Mu’awiyah sendiri dapat dianggap menyalahgunakan kekuasaan yang direbutnya
dengan penuh kelicikan dan dengan kembali menghidupkan tradisi kerajaan seperti
yang dipraktikkan di zaman jahiliyah, sehingga kepemimpinannya diteruskan secara
turun temurun oleh anak dan cucunya sendiri. Mu’awiyah sendiri ditetapkan menjadi
Khalifah penerus Khalifah Ali ibn Abi Thalib melalui kudeta berdarah sebagai salah
satu contoh pola suksesi atau pergantian kekuasaan yang sering terjadi dalam semua
tradisi dan dalam semua sistem.
Kudeta itu sendiri sering terjadi dalam sejarah umat manusia dimana saja, baik
dalam sistem kerajaan maupun dalam sistem republik. Namun, sebelum zaman Islam,
kudeta hanya terjadi dalam sistem kerajaan. Raja yang satu ditumbangkan, diganti
dengan raja yang baru. Dari waktu ke waktu, dinasti demi dinasti datang dan pergi
sebagaimana digambarkan dalam buku Mukaddimah Ibnu Khaldun dan buku Le
Prince karya Nicolo Machiavelli.
Sebelum Islam, dapat dikatakan bahwa praktik pergantian kekuasaan di manamana hanya terjadi melalui cara turun temurun atau melalui perebutan kekuasaan
(kudeta). Memang benar dalam bukunya “Republics”, Plato mengidealkan negara
“res publica” atau negara yang mencerminkan kekuasaan oleh rakyat, kekuasaan oleh
public seperti yang tercermin dalam istilah ‘republik’. Namun yang memimpin negara
dimaksud tetaplah seorang raja atau ratu. Hanya saja, yang diimpikan oleh Plato untuk
menjadi pemimpin yang ideal itu adalah seorang “Philofopher’s King”, yaitu seorang
raja filosof. Karena itu, negara yang ideal itu tetap saja berbentuk kerajaan yang
dipimpin oleh raja atau ratu.
Lagi pula, impian Plato tentang “res publica” itu barulah dalam tataran
wacana filosofis. Dalam praktik sistem organisasi bernegara di Athena, di Sparta, dan
di tempat-tempat lain di dunia ketika itu, tetap lah merupakan bangun organisasi yang
berbentuk kerajaan dengan proses pergantian kekuasaan dari satu generasi ke generasi
berikutnya secara turun-temurun. Memang banyak terjadi pergantian kepemimpinan
melalui perebutan kekuasaan atau kudeta di sepanjang sejarah umat manusia.

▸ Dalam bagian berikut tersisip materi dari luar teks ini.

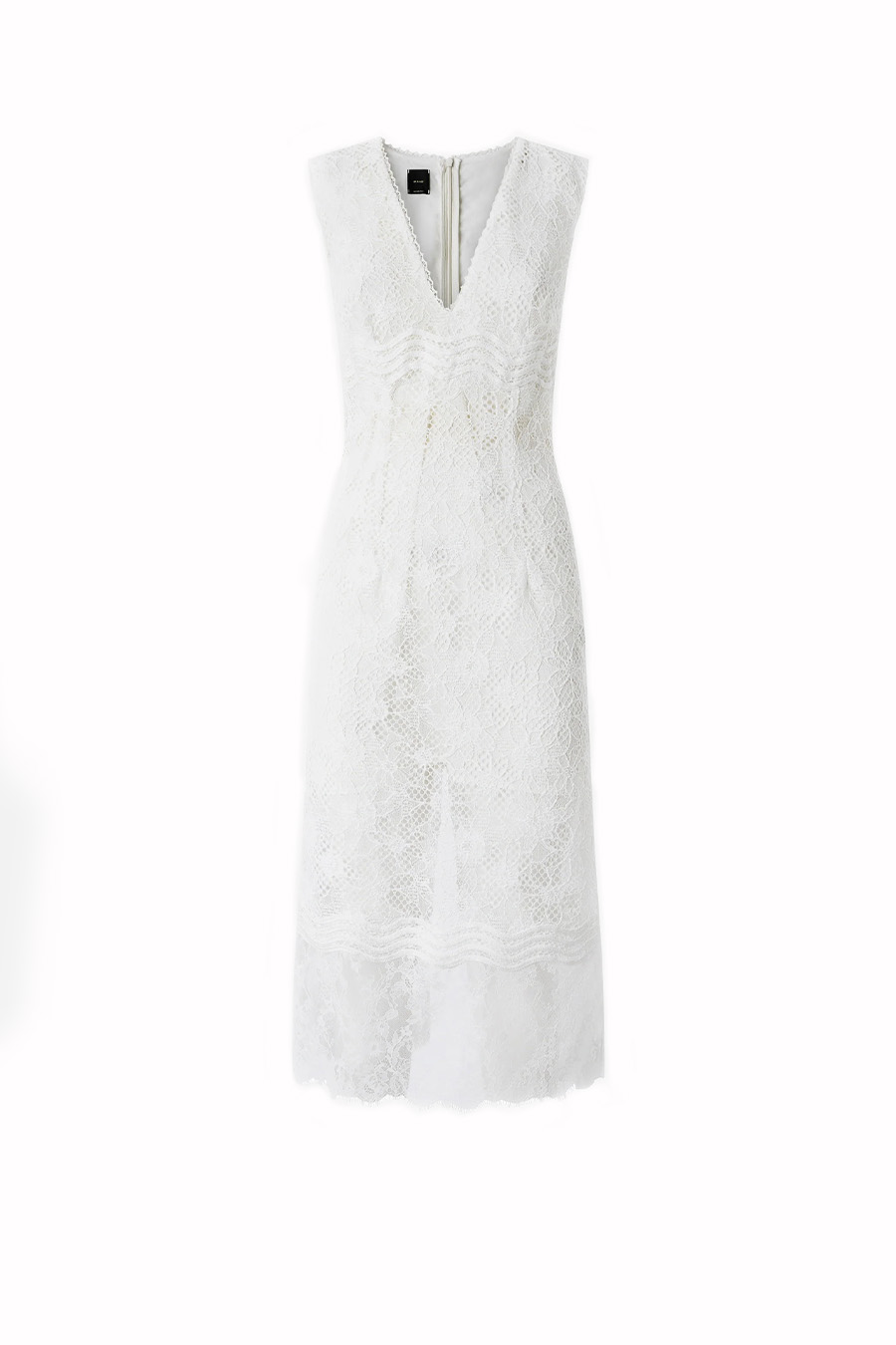 Pinko sleeveless midi dress in lace with a V-neckline, slightly fitted silhouette with a slight flare at the bottom and a central slit at the back, featuring an invisible zip fastening at the back. The design is entirely decorated with an elaborate mix of different types of lace.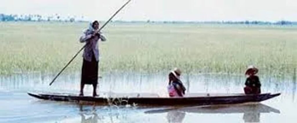 Floating rice on a floodplain. The rice is harvested by cutting the tops of the heads with a cutter from a boat. It is a single crop. The well-irrigated rice terraces in Bali are a triple crop, so it is easy to see how inefficient floating rice is.

Fenomena kudeta itu betapapun merupakan penyimpangan dari tradisi yang baku. Hal
ini memang sering terjadi dalam sejarah, tidak saja di lingkungan kerajaan tetapi juga
di lingkungan siste pemerintahan non-kerajaan. Dengan perkataan lain, konsepsi
tentang republik di zaman Yunani kuno itu seperti yang diimpikan oleh Plato itu
belum lah menjadi gambaran kenyataan ketika itu dan bahkan di masa-masa
sesudahnya.
Hanya saja, dalam sistem pemerintahan kerajaan yang disebut oleh Plato
dengan ‘res publica’ itu dibayangkan bahwa dalam penyelenggaraan kekuasaan
sehari-hari sudah dengan sendirinya raja harus menyerap aspirasi rakyat banyak untuk
kepentingan umum. Karena para raja, bagaimanapun juga memang haruslah melayani
kepentingan rakyat, bukan melayani kepentingannya sendiri. Oleh sebab itu, yang
ideal diangkat menjadi raja menurut Plato haruslah mereka yang memenuhi
kualifikasi sebagai filosof, yang memiliki kecerdasan dan pemahaman yang luas dan
mendalam mengenai masalah-masalah kepentingan umum. Demonstrasi rakyat kota,
perlawanan mereka, dan bahkan kekuatan mereka dapat menumbangkan kekuasaan
raja, meskipun dari perlawanan itu akan muncul raja baru yang nantinya juga akan
mewariskan tahta yang dikuasainya kepada anak-cucunya sendiri untuk generasi
berikutnya.
21
Dalam kaitan itulah maka praktik yang terjadi pada awal perkembangan
sejarah Islam, mulai dari masa kepemimpinan nabi Muhammad sampai tampilnya
Mu’awiyah ibn Abi Sofyan menjadi Khalifah dinasti Ummaiyah pertama, sungguh
sangat penting untuk dicatat secara tersendiri. Tampilnya Muhammad menjadi
pemimpin, di samping sebagai nabi dan rasul tidak didasarkan atas keturunan,
melainkan karena adanya ‘social trust’ dan ‘social support’ dari masyarakat. Karena
itu, bagi Montgomery Watt, kedudukan Muhammad ketika itu adalah nabi/rasul
(Prophet) dan sekaligus merupakan negarawan (statesman)17. Demikian pula
tampilnya Abubakar Siddik menjadi Khalifah didasarkan atas “bai’at” atau
konkritnya berdasarkan pemilihan umum yang bersifat langsung dan terbuka yang
dimotori oleh Umar ibn Khattab.
Banyak orang yang salah memahami konsepsi “bai’at” itu yang sebenarnya.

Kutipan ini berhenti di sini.